The Chocolate Touch is a children's book by Patrick Skene Catling, first published in the US in 1957. John Midas is delighted when, through a magical gift, everything his lips touch turns into chocolate. The story is patterned after the myth of King Midas, whose magic turned everything he touched into gold. The original illustrations were by Mildred Coughlin McNutt, but another edition in the same year, a "newly illustrated" edition, had illustrations by Margot Apple and more pages.

Summary
John Midas is a young boy with an intense, but obsessive love of confectionery, especially chocolate. Dr. Cranium, the Midas' family doctor warns John that his health is poor, and until further notice, he is to eat only those foods that are conducive to a healthy body, much to the boy's disgruntlement. The doctor's orders are backed by John's folks, who dispose of their son's entire candy stash and have control over his spending money. Angered at having his life micromanaged, John goes for a walk to clear his head. 

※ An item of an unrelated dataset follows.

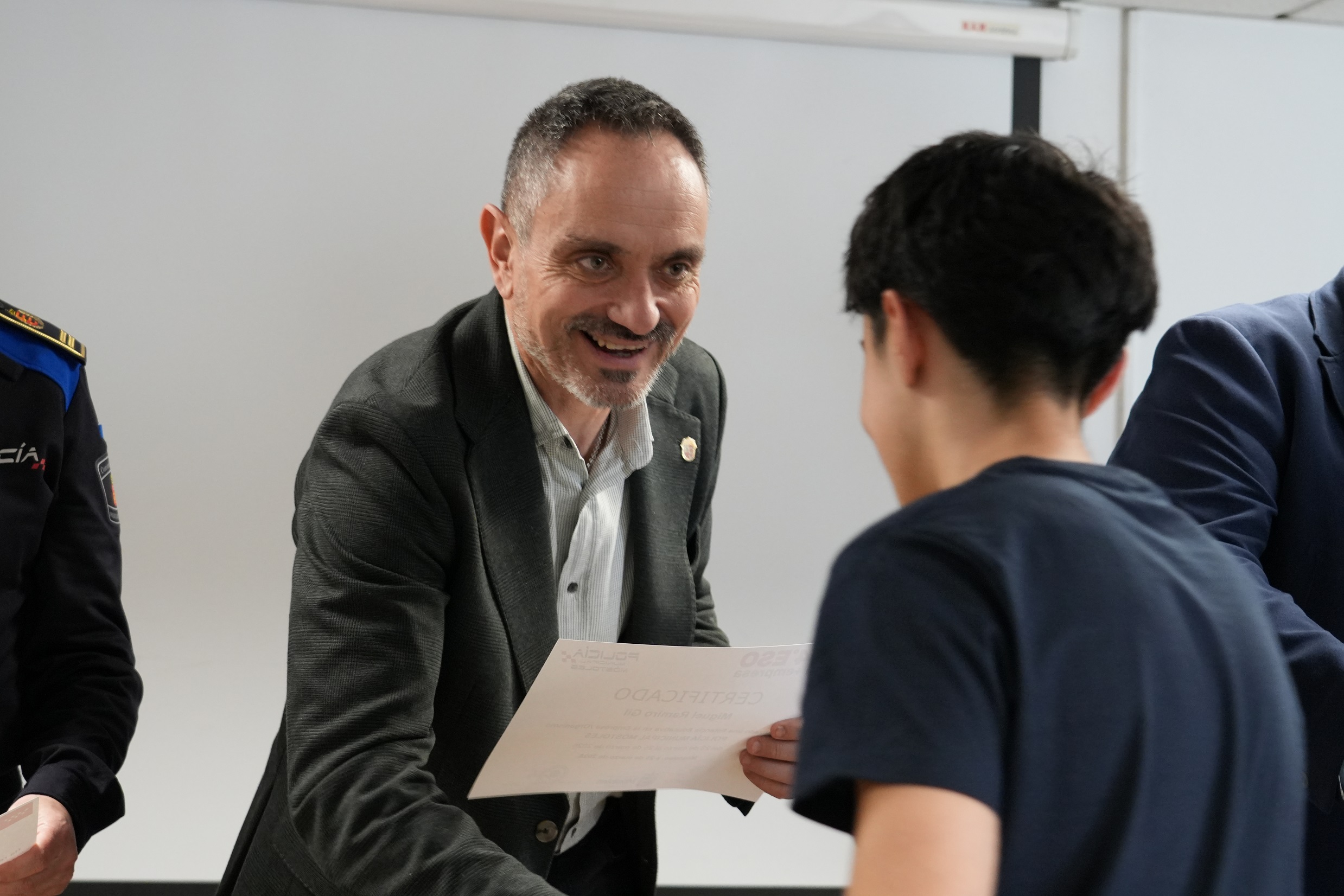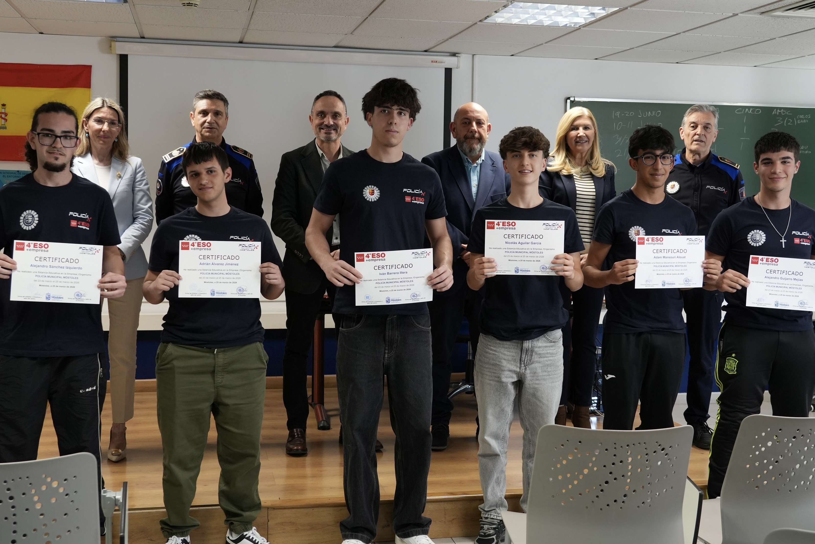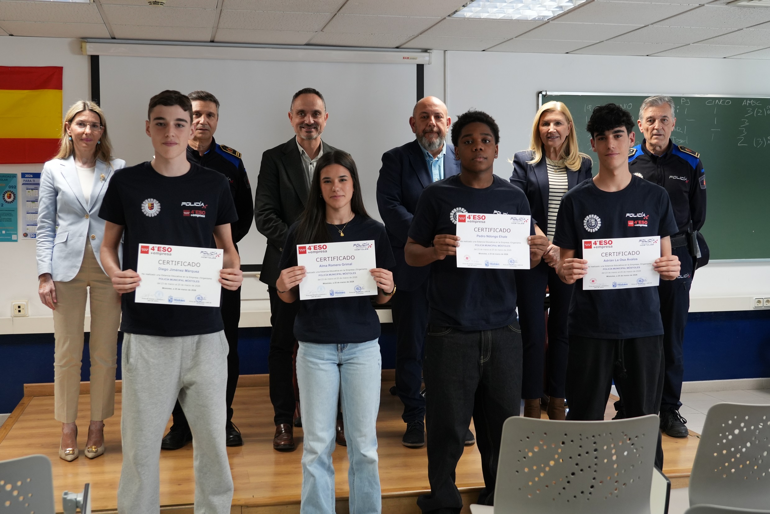 El alcalde de Móstoles, Manuel Bautista, ha participado hoy en la entrega de diplomas a los alumnos participantes en la primera estancia del programa. Al acto han asistido también el primer teniente de alcalde y concejal de Seguridad, Emergencias y Medio Ambiente, Gabriel Monteserín; la concejal de Educación y Festejos, Cristina Molina; y el jefe de la Policía Municipal, Juan Manuel Arribas, entre otros.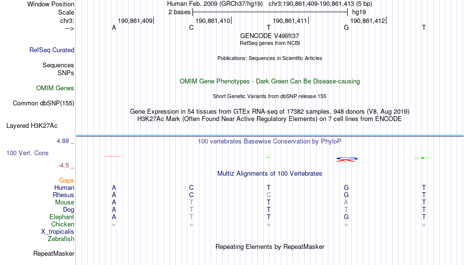 - NFE[chr3:190861409-190861413]

Whilst on his excursion he sees a coin on the ground. John rejoices over his good fortune; having found a way to clandestinely acquire some chocolate. However, when he studies the coin he sees it is engraved with the image of a fat boy and the letters JM, and dismisses it as a unknown token. Even so, John remarks the coin is unique as JM stands for John Midas, and decides to hang on to it. Also on his walk he comes across a candy store he has never seen before. Even more odd is that the store is run by a man whom John has never met before, but is friendly and refers to John by name and extols his chocolate as the finest ever. The confectioner offers John a box of his chocolates in exchange for the strange coin. That night before going to bed, John decides to have one final chocolate feast, only to be dismayed to find the box contains nothing save for an ordinary chocolate ball. Although it is only a small piece of chocolate, it is the most chocolatey chocolate he has ever tasted.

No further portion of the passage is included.